[Required work]:
Of all the lines below, output only those starting at the one with "Grandpacore со счетов" and ending at the one with "Bedrockのモデルでは学習のオプトアウトが適用済みのため採用した AWS公式ドキュメント 29", both ends included, exactly as written.

[Extracted records]:
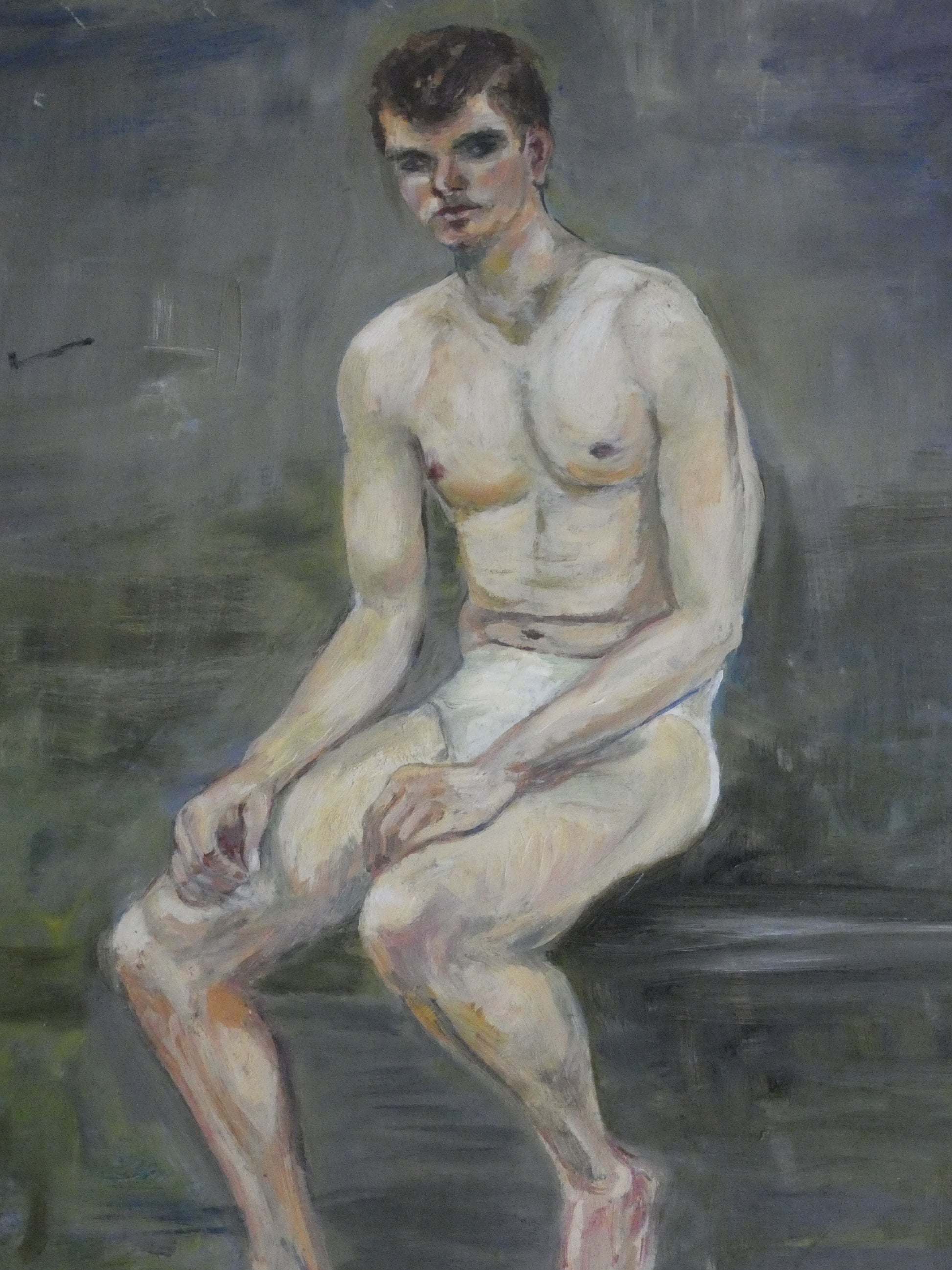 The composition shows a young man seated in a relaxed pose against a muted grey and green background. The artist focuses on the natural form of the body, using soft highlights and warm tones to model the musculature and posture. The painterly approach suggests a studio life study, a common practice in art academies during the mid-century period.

--

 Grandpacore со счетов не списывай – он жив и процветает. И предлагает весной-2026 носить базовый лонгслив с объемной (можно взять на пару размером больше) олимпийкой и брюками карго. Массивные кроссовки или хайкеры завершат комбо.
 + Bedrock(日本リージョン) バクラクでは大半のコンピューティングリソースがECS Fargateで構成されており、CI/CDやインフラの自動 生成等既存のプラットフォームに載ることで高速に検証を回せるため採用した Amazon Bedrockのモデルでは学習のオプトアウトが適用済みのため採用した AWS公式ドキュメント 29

[Written response]:
 Grandpacore со счетов не списывай – он жив и процветает. И предлагает весной-2026 носить базовый лонгслив с объемной (можно взять на пару размером больше) олимпийкой и брюками карго. Массивные кроссовки или хайкеры завершат комбо.
 + Bedrock(日本リージョン) バクラクでは大半のコンピューティングリソースがECS Fargateで構成されており、CI/CDやインフラの自動 生成等既存のプラットフォームに載ることで高速に検証を回せるため採用した Amazon Bedrockのモデルでは学習のオプトアウトが適用済みのため採用した AWS公式ドキュメント 29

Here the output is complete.